5.6.2013. Das nennen wir mal ohne Wenn und Aber einen Meilenstein der Sprachentwicklung: Die Uni Leipzig ist auf die sensationelle Idee gekommen, in Zukunft nur noch die grammatikalisch weibliche Form zu nutzen. Den "Herrn Professor" gibt es dann nicht mehr, sondern nur noch den "Herrn Professorin". Wir geben es an dieser Stelle unumwunden zu: Diese, sagen wir mal, verschlungene Überlegung überfordert uns intellektuell komplett. Wir hissen deshalb vorsorglich die weiße Fahne und ergeben uns nach diesem sprachlichen Guerilla-Angriff bedingungslos. Unser edles Autorenblut gehört den reißenden (weiblichen und männlichen) Wölfinnen der Universität Leipzig.

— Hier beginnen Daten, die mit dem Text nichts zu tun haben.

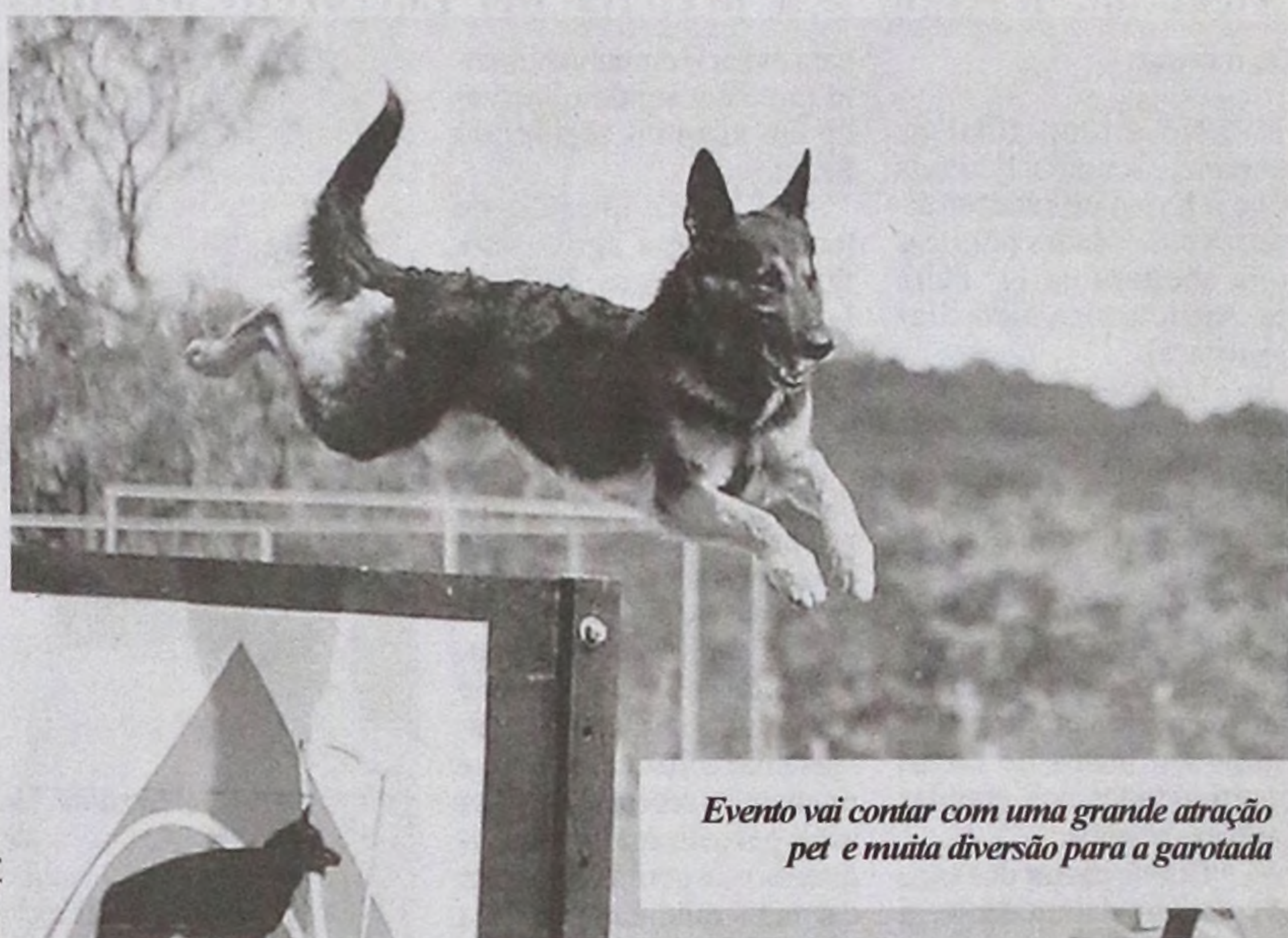
Evento vai contar com uma grande atração pet e muita diversão para a garotada

Um diferencial da Expojaú é a exposição e leilão de cavalos mangalarga. "A feira é considerada o maior evento da raça no Brasil, ficando atrás em número de participantes e animais apenas para a Exposição Nacional. Jaú é referência entre os conhecedores e amantes da raça", revela Fonseca.
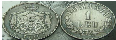
Leu românesc din 1876

Pe teritoriul României, primele monede au apărut în cetățile grecești de la malul Mării Negre. Au circulat atunci drahme de bronz ori argint, stateri de aur și tetradrahme de argint. În urmă cu 146 de ani, leul a devenit moneda națională a Principatelor Române, pe al căror teritoriu circulau până la acea dată în jur de 80 de monede străine, precum napoleonul, galbenul austriac, ducatul olandez, piastrul, rubla sau francul.
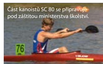
Část kanoistů SC 80 se připravuje pod záštitou ministerstva školství.

V Chomutově se daří i zástupcům dalších klubů a sportovních odvětví. Ostatně o některých z nich se můžete dočíst i na straně 10. A protože město Chomutov mládežnický sport podporuje nejen materiálně, poskytovat prostor na sportovní straně bude mládežníkům v každém čísle Chomutovských novin.
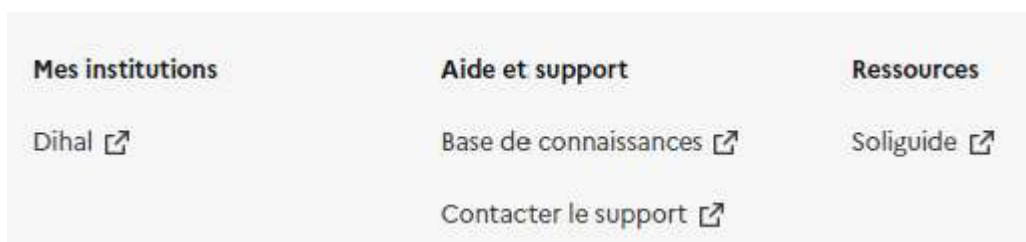
Figure 6 – Bas de page, lien vers Soliguide

Il renvoie vers le site : https://soliguide.fr/fr
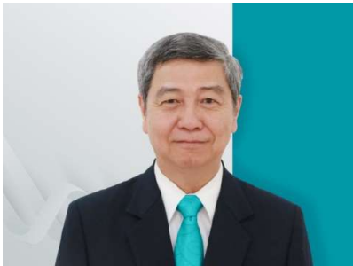
លោក ឡុយ ហៃ អភិបាលឯករាជ្យ
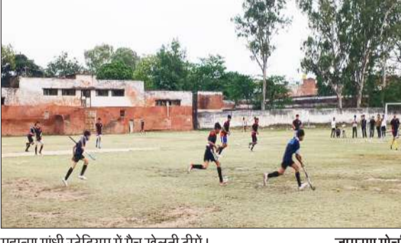
महात्मा गांधी स्टेडियम में मैच खेलती टीमें।
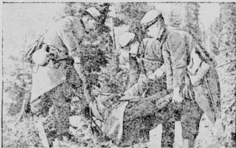
Francoski vojaki pomagajo ranjenim tovarišem.

vsako popoldne obiskuje ranjence v lazaretu Santa Marta. Iz vatikanske knjižnice
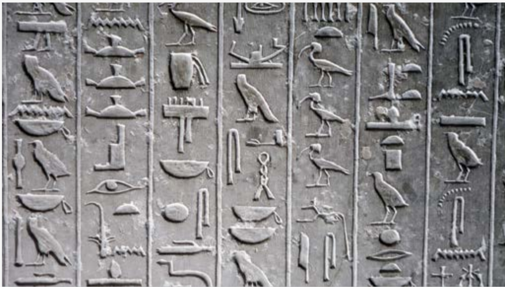
Pictogramas en bajo relieve en una tumba en Saqqarah.
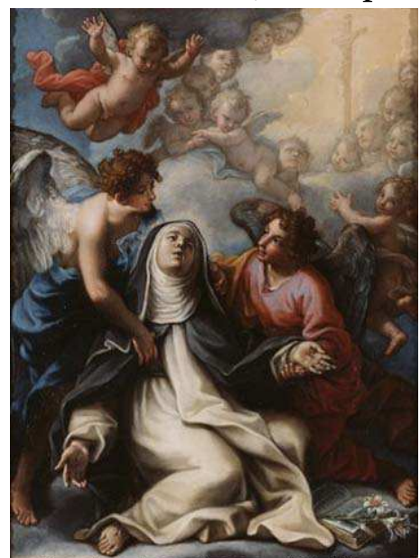
Giovanni Odazzi, Estasi di S. Teresa d'Avila, XVII sec.
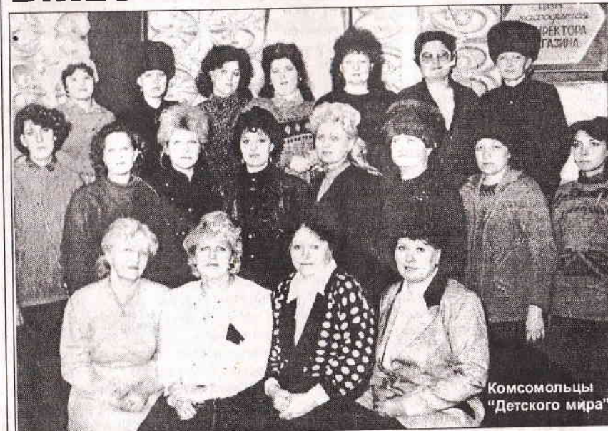
Комсомольцы "Детского мира".

Комсомольцы проявляли мужество и героизм на стройках пятилетки, на промышленных предприятиях. Мы же, комсомольцы и молодёжь орс промышленных товаров, выполняли скромную роль, реализуя товары народного потребления труженикам города. Но так же стоимлись быть в первых рядах строителей новой, лучшей жизни.
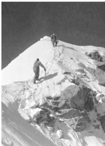
Восхождение на пик Фиккера.

Der virtuose Vorstoß der sächsischen Sprachoptimierer kommt für uns nicht überraschend. Er bestätigt ein weiteres Mal eine Entwicklung, von der wir seit langem felsenfest überzeugt sind: Wer seiner Sprache nicht mehr Herr (oder Herrin…?) ist, der ist eines Tages auch seines Denkens nicht mehr mächtig! Manch hingeschluderter E-Mailtext oder – noch schlimmer – die zunehmende Zahl kryptischer, per Smartphone verschickter Textbotschaften nähren in uns den Verdacht, dass es den Verfassern eher ums Tempo beim Versand als um die Qualität des Inhalts geht. Soll doch der Empfänger klarkommen mit Schreibfehlern, sinnloser Interpunktion, den eingestreuten englischen Begriffen und vor allem dem – wenn überhaupt, dann nur sehr lose geknüpften – roten Faden der hastig hingeworfenen digitalen Zeilen. Hier ist Sprache nicht mehr das Mittel zum möglichst eindeutigen Austausch von Informationen, Gedanken und Ideen. Hier verkommt sie zum lustlos eingesetzten Vehikel nicht zu Ende gedachter und schon gar nicht zu Ende formulierter Informationsfragmente.

Aber was wissen wir schon, wir hoffnungslos nostalgischen Sprachbewunderer. Wir sind ja nur die, die längst vergangenen Zeiten hinterherheulen. Für uns war ein Satz noch ein Satz – ein Kunstwerk, das Bewunderung und vor allem Respekt verdiente. Die Internetgemeinde bejubelt beharrlich die knackig formulierte Weisheit „Content is king“. Nur: Kann irgendein Inhalt noch König (oder wegen uns auch Königin) sein, wenn man ihm (ihr), bildlich gesprochen, erst die Sprachkrone vom Kopf fegt und dann das Haupt gleich noch aufs Schafott der Leipziger Sprachrevolutionäre drückt? Die Antwort auf diese Frage hinterlässt uns jedenfalls weitgehend sprachlos.